Брожу бесцельно по спокойным улицам, хожу до тех пор, пока в согласии с душой не утомится тело, и моя боль достигает тех пределов, при которых начинаешь испытывать от нее удовольствие, переходя в материнское сочувствие к себе самому, сопровождаемое музыкой, неопределимое.
Спать! Заснуть! Успокоиться! Быть абстрактным сознанием, способным дышать спокойно, не нуждаясь в мире, в планетах, в душе, – мертвым морем эмоций, отражающим в себе отсутствие звезд!
О, бремя чувствования! О, бремя быть обязанным чувствовать!
…чрезмерная острота, не знаю, ощущений ли или только их выражения, или, точнее, разума, находящегося между первыми и вторым с целью выразить мнимую эмоцию, существующую лишь ради своего выражения. (Возможно, я лишь реактив для проявления того, кем я не являюсь.)
Есть ученость обладания знанием, собственно знанием, та, что зовется эрудицией, и есть ученость понимания, которая зовется культурой. Но есть еще и ученость чувствительности.
Ученость чувствительности не изменяется с опытом жизни. Жизненный опыт ничему не учит, как и история. Настоящий опыт состоит в сужении контактов с реальностью и в усовершенствовании анализа этих контактов. Таким образом, чувствительность расширяется и углубляется, потому что все существует в нас самих; достаточно, чтобы мы искали это и умели это искать.
Что значит путешествовать и для чего путешествовать? Любой закат – это закат; нет необходимости ехать в Константинополь, чтобы его увидеть. Ощущение освобождения, рождаемое путешествиями? Я могу испытать его во время поездки из Лиссабона в Бенфику, и испытать интенсивнее, чем некто, едущий из Лиссабона в Китай, ведь если освобождения нет во мне самом, то его нет – для меня – нигде. Любая дорога, – сказал Карлейль,[13] – даже эта дорога из Энтефула, ведет тебя до предела мира. Но дорога из Энтефула, если ее всю пройти, до самого конца, вернет нас снова в Энтефул; так, будто Энтефул, где мы уже были, и есть тот самый предел мира, нами разыскиваемый.

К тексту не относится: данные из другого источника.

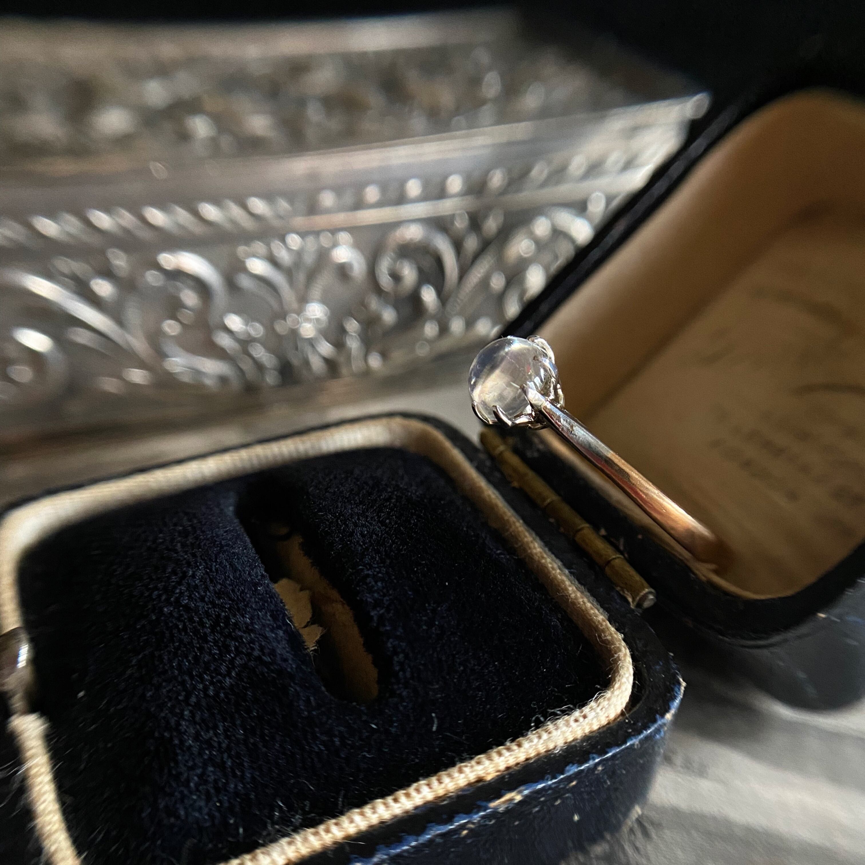 華美な装飾がない理由がわかるほど、石の美しさだけで充分な存在を放つ本当に透明度が高く、インクルージョンも少ないムーンストーンがセットされており、小さくとも充分な存在を放つ素敵なリングリングです。

Кондильяк[14] начинает свою знаменитую книгу: «Как бы высоко мы не взлетали и как бы низко не опускались, мы никогда не выходим за границы своих ощущений». Никогда не вырываемся из себя. Никогда не достигаем другого, разве что делая себя другими с помощью собственного чувствительного воображения. Настоящие пейзажи – это те, что создаем мы сами, потому что так, будучи их творцами, мы видим их такими, какие они есть в действительности, какими они были созданы. Ни одно из семи чудес света не интересует меня настолько, чтобы мне по-настоящему захотелось его увидеть; восьмое чудо – то, что я изучаю, – мое.
Кто преодолел все моря, преодолел всего лишь собственную однообразность. Я уже пересек больше морей, чем все остальные люди. Я уже видел больше горных цепей и городов, чем их существует на Земле, и огромные реки из никаких миров протекали перед моим взором. Если бы я путешествовал, то встретил бы жалкую копию того, что уже увидел без всяких путешествий.
В странах, что посетили другие, они были неизвестными странниками. В странах, что посещаю я, во мне воплощаются не только скрытая радость путешествия инкогнито, но и торжество короля, правящего этими землями, и народ с его обычаями, и целая история этой и других наций. Те же самые пейзажи, те же самые дома, я их видел, потому что был ими, созданными Богом из субстанции моего воображения.
Отречение есть освобождение. Не хотеть – это власть.
Что может мне дать Китай, чего бы моя душа уже не получила? И если моя душа этого мне не может дать, как может мне это дать Китай, если только своей душой я могу его увидеть, когда туда попаду? Я бы мог поехать искать богатства Востока, но не богатства души, потому что богатства моей души – это я сам, а я нахожусь там, где нахожусь, – на Востоке ли, нет ли.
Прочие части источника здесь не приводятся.